Exercise objective: The copy you return must match the listing word for word and carry no pictures.

Dataset content:
______
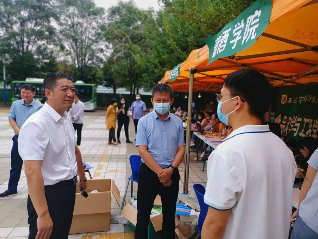 党委书记郭建东、院长刘树文、党委副书记徐三友、院长助理孙翔宇、研究生秘书梁润雅仔细了解新生报到的具体情况。领导、老师们与前来报到的研究生新生进行了亲切地交流,询问其家乡、学业规划和手续办理等情况,并对参与迎新的志愿者们的热心举动给予了充分赞赏和肯定。
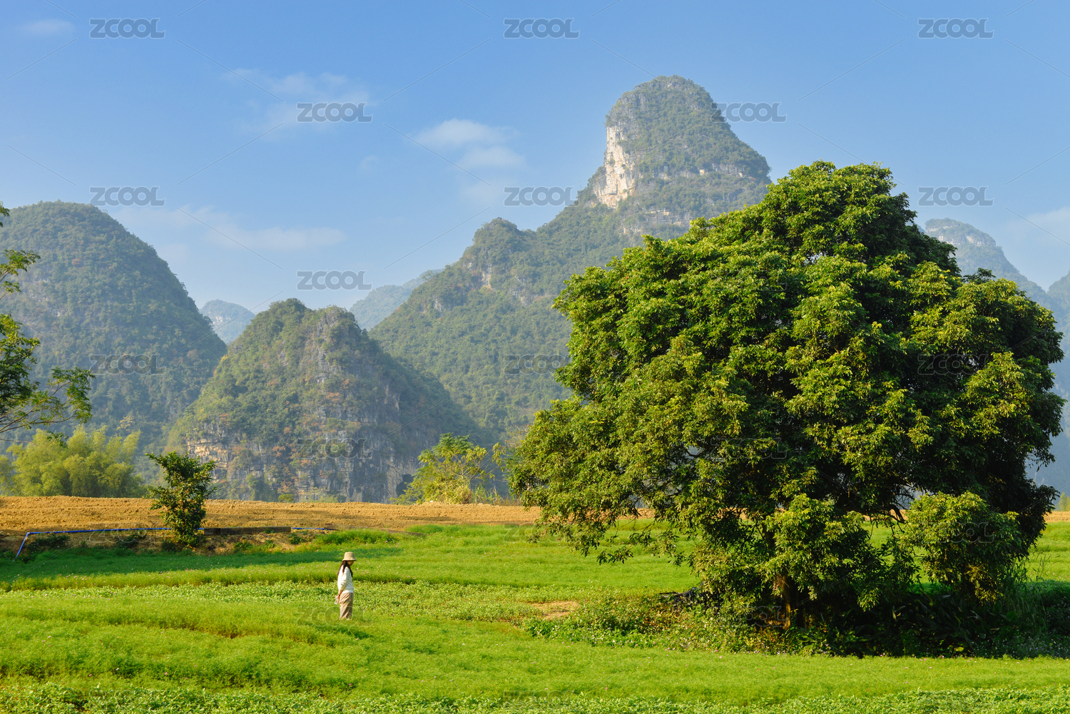 中国广西桂林漓江阳朔喀斯特地貌稻田田园风光
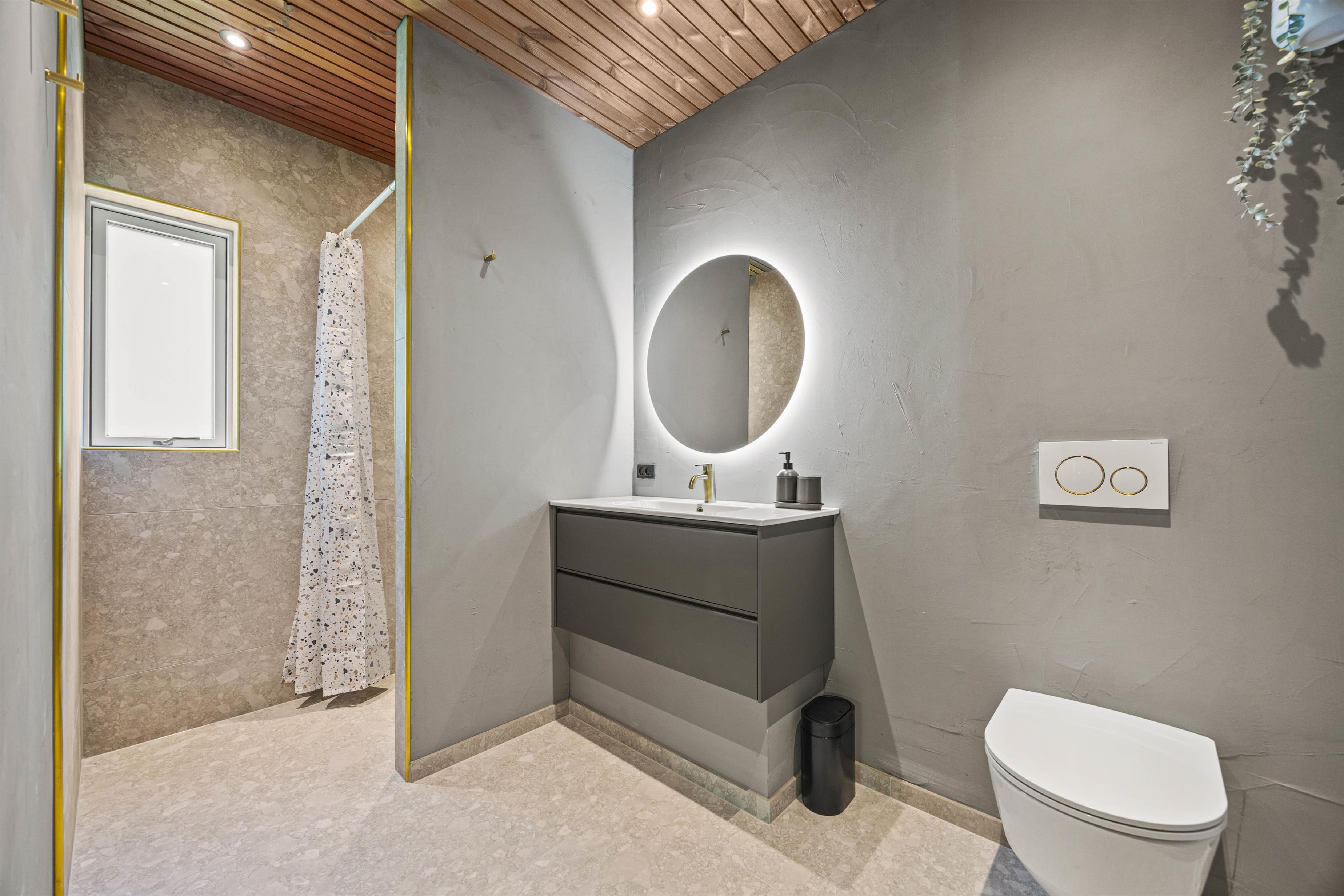 The entire house features underfloor heating, and the heat pump ensures a comfortable indoor climate throughout your stay.
______
Exercise answer:
 党委书记郭建东、院长刘树文、党委副书记徐三友、院长助理孙翔宇、研究生秘书梁润雅仔细了解新生报到的具体情况。领导、老师们与前来报到的研究生新生进行了亲切地交流,询问其家乡、学业规划和手续办理等情况,并对参与迎新的志愿者们的热心举动给予了充分赞赏和肯定。
 中国广西桂林漓江阳朔喀斯特地貌稻田田园风光
 The entire house features underfloor heating, and the heat pump ensures a comfortable indoor climate throughout your stay.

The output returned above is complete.